## What is needed
Pictures stay out of this copy, which runs from the first line of the material through the line containing "Trong đợt lễ".

────

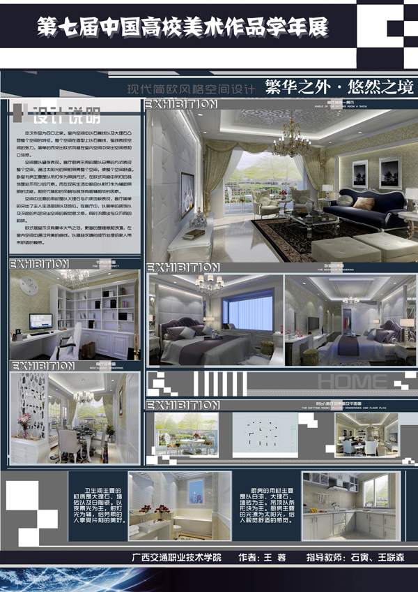 我院选手与全国各高校的在校研究生、本科生及高职生同台竞技,最终莫连基同学的室内设计作品《混搭风之风尚雅居》获大学组二等奖,王蓉同学的室内设计作品《现代简约——庭院居室》获大学组三等奖,潘科成、秦懿、谢嘉俊等9名同学获优秀作品奖。参与指导的石寅、王联森、罗源三位老师获得优秀指导老师称号。
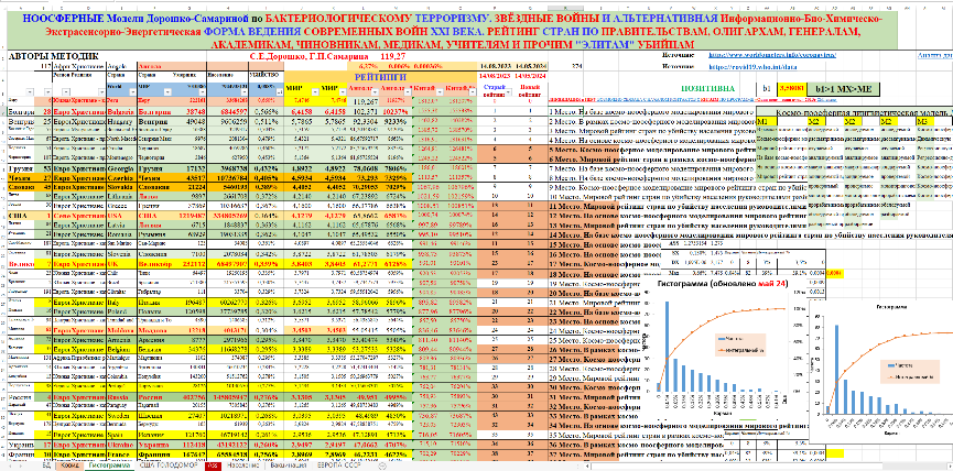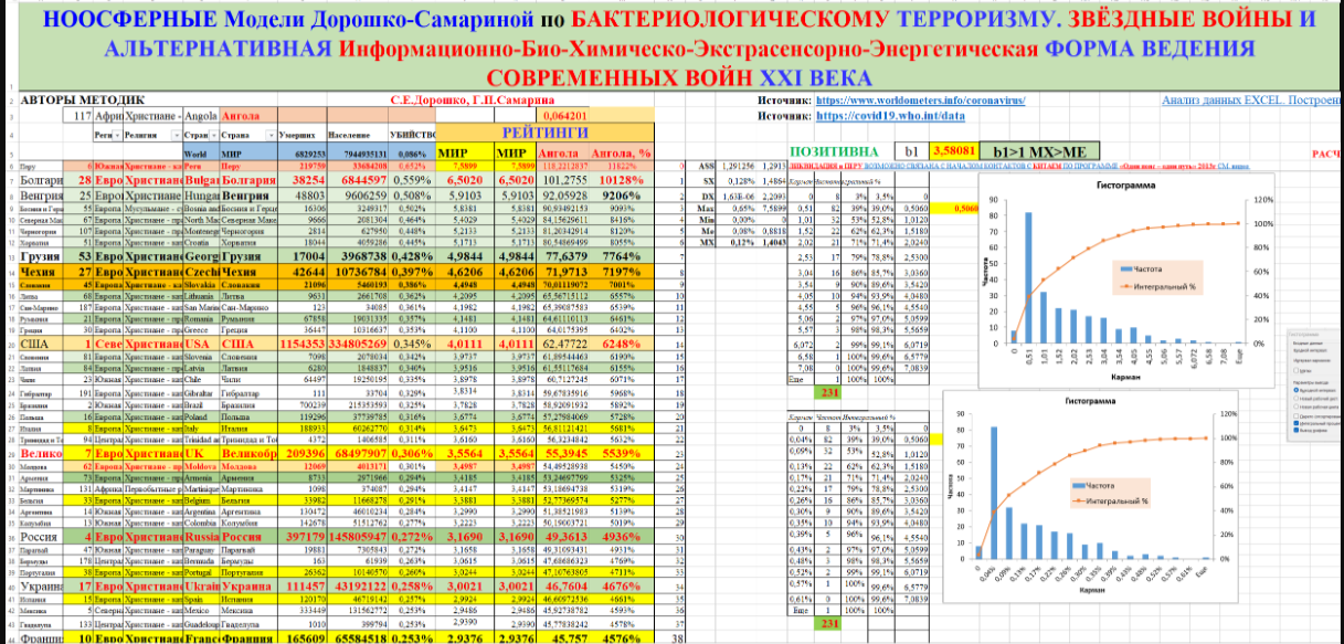 «Космо-ноосферное моделирование мирового рейтинга 230 стран по убийству населения «Испанка №2». Геополитическая, геоэкономическая катастрофа человечества — закрытие проектов-государств ООО США, ООО Европа и ООО РФ и всех республик СССР и государств СЭВ».
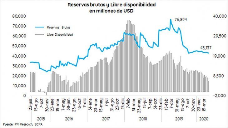 Como en cada crisis de confianza, debimos aprender a vivir con lo propio, es decir revisar la billetera y contar las monedas. Es algo que seguimos de cerca ya desde mediados de 2018. Si bien las reservas del Banco Central (BCRA) se mantienen relativamente estables, las de libre disponibilidad, no han hecho más que disminuir sistemáticamente.
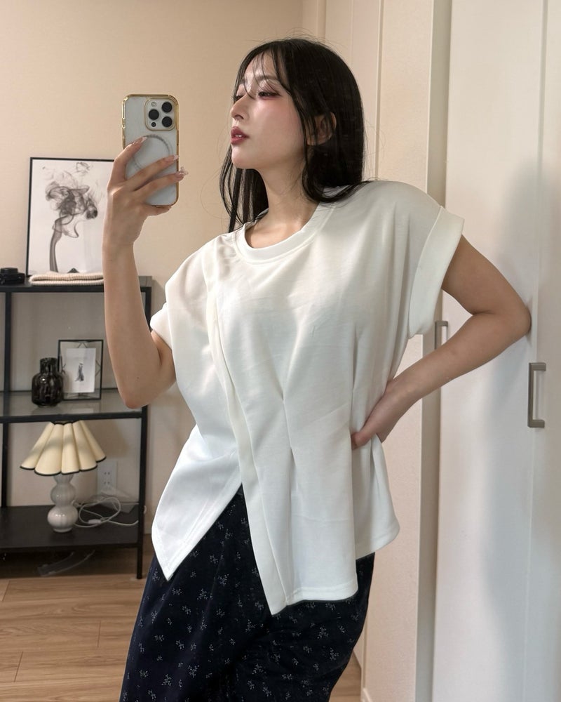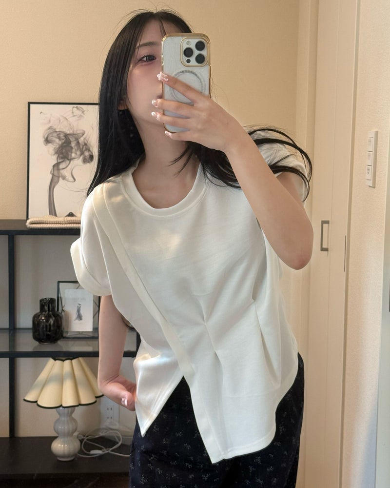 【ayano collab】マシュマロタッチフロントツータックデザインTシャツ
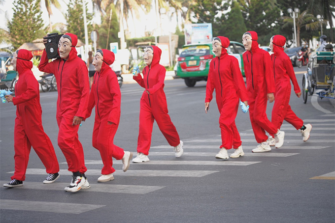 Trong đợt lễ 30/4 -1/5 vừa qua, du khách có mặt tại khu vực quảng trường 2/4 Nha Trang và trước tòa nhà Panorama vô cùng bất ngờ, phấn khích trước sự xuất hiện của “đội quân” áo đỏ cùng mặt nạ Salvador Dalí.
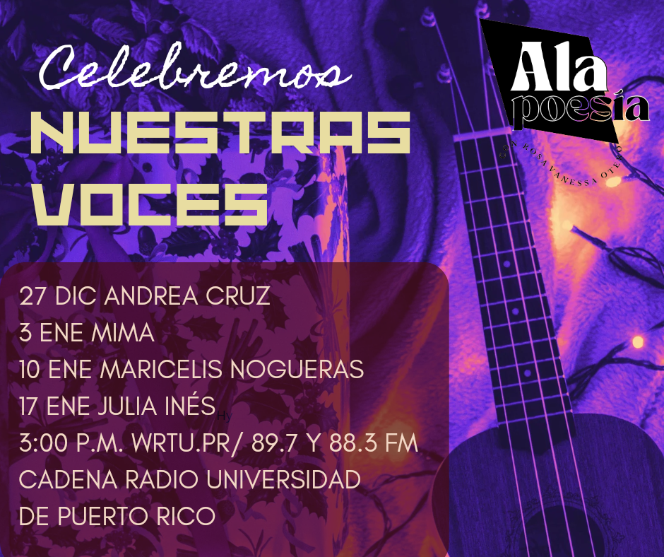 Valga esta extensa aunque incompleta nota a nuestro indie para anunciar una pequeña muestra de artistas que formarán parte de la primera serie especial “Celebremos nuestras voces” que se transmitirá a partir del 27 de diciembre de 2023 hasta el 17 de enero de 2024 en el programa radial y podcast Alapoesía de Cadena Radio Universidad de Puerto Rico.

────

## Answer to the problem
 我院选手与全国各高校的在校研究生、本科生及高职生同台竞技,最终莫连基同学的室内设计作品《混搭风之风尚雅居》获大学组二等奖,王蓉同学的室内设计作品《现代简约——庭院居室》获大学组三等奖,潘科成、秦懿、谢嘉俊等9名同学获优秀作品奖。参与指导的石寅、王联森、罗源三位老师获得优秀指导老师称号。
 «Космо-ноосферное моделирование мирового рейтинга 230 стран по убийству населения «Испанка №2». Геополитическая, геоэкономическая катастрофа человечества — закрытие проектов-государств ООО США, ООО Европа и ООО РФ и всех республик СССР и государств СЭВ».
 Como en cada crisis de confianza, debimos aprender a vivir con lo propio, es decir revisar la billetera y contar las monedas. Es algo que seguimos de cerca ya desde mediados de 2018. Si bien las reservas del Banco Central (BCRA) se mantienen relativamente estables, las de libre disponibilidad, no han hecho más que disminuir sistemáticamente.
 【ayano collab】マシュマロタッチフロントツータックデザインTシャツ
 Trong đợt lễ 30/4 -1/5 vừa qua, du khách có mặt tại khu vực quảng trường 2/4 Nha Trang và trước tòa nhà Panorama vô cùng bất ngờ, phấn khích trước sự xuất hiện của “đội quân” áo đỏ cùng mặt nạ Salvador Dalí.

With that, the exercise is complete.